You should use pandas.DataFrame.sample to get a sample from your dateframe, and then use regplot, below is a small example using random data:

import matplotlib.pyplot as plt
import matplotlib.dates as mdates
from datetime import datetime
import numpy as np
import pandas as pd
import seaborn as sns

dates = pd.date_range('20080101', periods=10000, freq="D")
df = pd.DataFrame({"dates": dates, "data": np.random.randn(10000)})
   
dfSample = df.sample(1000) # This is the importante line
xdataSample, ydataSample = dfSample["dates"], dfSample["data"]
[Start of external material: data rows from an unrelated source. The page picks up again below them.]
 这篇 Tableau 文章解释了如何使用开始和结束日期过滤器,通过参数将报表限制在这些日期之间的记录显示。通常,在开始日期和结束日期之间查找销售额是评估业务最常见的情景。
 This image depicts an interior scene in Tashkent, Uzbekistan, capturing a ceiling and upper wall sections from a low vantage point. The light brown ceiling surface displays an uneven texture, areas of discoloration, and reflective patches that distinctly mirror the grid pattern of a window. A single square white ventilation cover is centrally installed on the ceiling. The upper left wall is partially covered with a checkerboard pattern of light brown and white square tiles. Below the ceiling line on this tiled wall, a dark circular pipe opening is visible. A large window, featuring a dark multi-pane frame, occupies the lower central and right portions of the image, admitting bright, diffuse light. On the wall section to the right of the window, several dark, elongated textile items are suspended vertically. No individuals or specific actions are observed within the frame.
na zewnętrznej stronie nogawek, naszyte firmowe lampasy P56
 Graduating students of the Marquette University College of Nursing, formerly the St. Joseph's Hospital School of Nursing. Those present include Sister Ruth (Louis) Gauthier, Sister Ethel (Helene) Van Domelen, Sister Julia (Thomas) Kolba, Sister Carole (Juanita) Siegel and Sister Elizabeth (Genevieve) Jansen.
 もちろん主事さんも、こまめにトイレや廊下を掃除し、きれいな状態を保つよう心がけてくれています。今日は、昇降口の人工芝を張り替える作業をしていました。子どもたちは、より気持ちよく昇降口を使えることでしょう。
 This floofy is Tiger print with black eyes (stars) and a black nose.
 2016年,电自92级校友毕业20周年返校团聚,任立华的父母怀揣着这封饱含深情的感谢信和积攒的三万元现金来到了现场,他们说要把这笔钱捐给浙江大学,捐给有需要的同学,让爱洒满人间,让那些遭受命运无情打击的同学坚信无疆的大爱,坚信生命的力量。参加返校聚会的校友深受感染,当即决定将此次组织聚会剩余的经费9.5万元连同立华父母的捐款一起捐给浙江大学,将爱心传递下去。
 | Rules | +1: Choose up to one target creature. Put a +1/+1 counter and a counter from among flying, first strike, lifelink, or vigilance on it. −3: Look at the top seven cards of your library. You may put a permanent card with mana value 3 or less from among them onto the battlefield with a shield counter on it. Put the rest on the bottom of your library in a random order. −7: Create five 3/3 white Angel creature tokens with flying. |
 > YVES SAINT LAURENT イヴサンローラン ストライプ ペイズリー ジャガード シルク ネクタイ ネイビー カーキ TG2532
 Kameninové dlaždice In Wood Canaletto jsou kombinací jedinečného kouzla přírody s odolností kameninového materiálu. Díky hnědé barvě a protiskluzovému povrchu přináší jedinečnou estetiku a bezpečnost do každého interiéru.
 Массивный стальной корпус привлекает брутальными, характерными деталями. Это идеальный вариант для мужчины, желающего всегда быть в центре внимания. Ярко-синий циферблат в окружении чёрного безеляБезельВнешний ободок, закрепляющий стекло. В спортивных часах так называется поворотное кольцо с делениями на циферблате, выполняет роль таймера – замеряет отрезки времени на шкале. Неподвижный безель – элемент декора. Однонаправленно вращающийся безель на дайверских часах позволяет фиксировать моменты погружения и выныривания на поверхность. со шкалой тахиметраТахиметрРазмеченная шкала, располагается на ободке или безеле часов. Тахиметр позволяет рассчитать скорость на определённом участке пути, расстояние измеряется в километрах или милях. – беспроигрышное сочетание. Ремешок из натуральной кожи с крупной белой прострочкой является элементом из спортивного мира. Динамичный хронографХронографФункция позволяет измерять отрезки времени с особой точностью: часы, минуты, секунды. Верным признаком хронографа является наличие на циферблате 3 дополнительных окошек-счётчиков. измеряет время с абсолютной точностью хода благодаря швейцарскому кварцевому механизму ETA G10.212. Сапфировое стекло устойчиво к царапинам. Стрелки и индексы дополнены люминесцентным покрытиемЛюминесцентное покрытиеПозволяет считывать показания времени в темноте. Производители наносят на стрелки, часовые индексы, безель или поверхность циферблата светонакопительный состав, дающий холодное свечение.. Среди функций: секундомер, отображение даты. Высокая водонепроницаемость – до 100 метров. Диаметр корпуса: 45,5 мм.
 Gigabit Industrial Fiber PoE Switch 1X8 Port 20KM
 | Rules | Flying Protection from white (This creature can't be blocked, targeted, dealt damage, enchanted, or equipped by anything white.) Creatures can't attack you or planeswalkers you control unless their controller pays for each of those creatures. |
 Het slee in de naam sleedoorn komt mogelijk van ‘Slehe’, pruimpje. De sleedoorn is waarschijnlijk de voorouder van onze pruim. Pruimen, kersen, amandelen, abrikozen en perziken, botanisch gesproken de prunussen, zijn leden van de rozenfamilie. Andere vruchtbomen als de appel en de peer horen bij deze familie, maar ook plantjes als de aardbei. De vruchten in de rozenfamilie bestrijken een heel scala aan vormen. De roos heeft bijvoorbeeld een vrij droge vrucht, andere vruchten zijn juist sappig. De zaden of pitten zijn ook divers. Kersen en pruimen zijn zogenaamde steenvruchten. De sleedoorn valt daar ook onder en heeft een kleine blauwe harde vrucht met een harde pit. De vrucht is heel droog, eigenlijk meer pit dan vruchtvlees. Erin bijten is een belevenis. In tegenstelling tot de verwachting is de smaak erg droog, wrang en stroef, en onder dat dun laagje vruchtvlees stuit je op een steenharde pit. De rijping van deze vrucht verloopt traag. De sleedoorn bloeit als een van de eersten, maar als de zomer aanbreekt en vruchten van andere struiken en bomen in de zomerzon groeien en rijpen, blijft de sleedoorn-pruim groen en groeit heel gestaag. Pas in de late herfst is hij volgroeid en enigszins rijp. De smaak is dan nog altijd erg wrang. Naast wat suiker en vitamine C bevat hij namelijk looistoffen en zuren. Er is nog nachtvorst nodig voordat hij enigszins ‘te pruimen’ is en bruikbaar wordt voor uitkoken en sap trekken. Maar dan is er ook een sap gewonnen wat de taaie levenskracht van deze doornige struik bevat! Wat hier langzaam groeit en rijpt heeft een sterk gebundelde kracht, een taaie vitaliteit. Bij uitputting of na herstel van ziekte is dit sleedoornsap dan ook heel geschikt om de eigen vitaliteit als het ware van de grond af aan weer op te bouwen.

sns.regplot(x=mdates.date2num(xdataSample.astype(datetime)), y=ydataSample) 
plt.show()

On regplot I perform a convertion in my X data because of datetime's type, notice this definitely should not be necessary depending on your data.

So, instead of something like this:

You'll get something like this:

Now, a suggestion:

Use sns.jointplot, which has a kind parameter, from the docs:

kind : { “scatter” | “reg” | “resid” | “kde” | “hex” }, optional

Kind of plot to draw.

What we create here is a similar of what matplotlib's hist2d does, it creates something like a heatmap, using your entire dataset. An example using random data:

dates = pd.date_range('20080101', periods=10000, freq="D")
df = pd.DataFrame({"dates": dates, "data": np.random.randn(10000)})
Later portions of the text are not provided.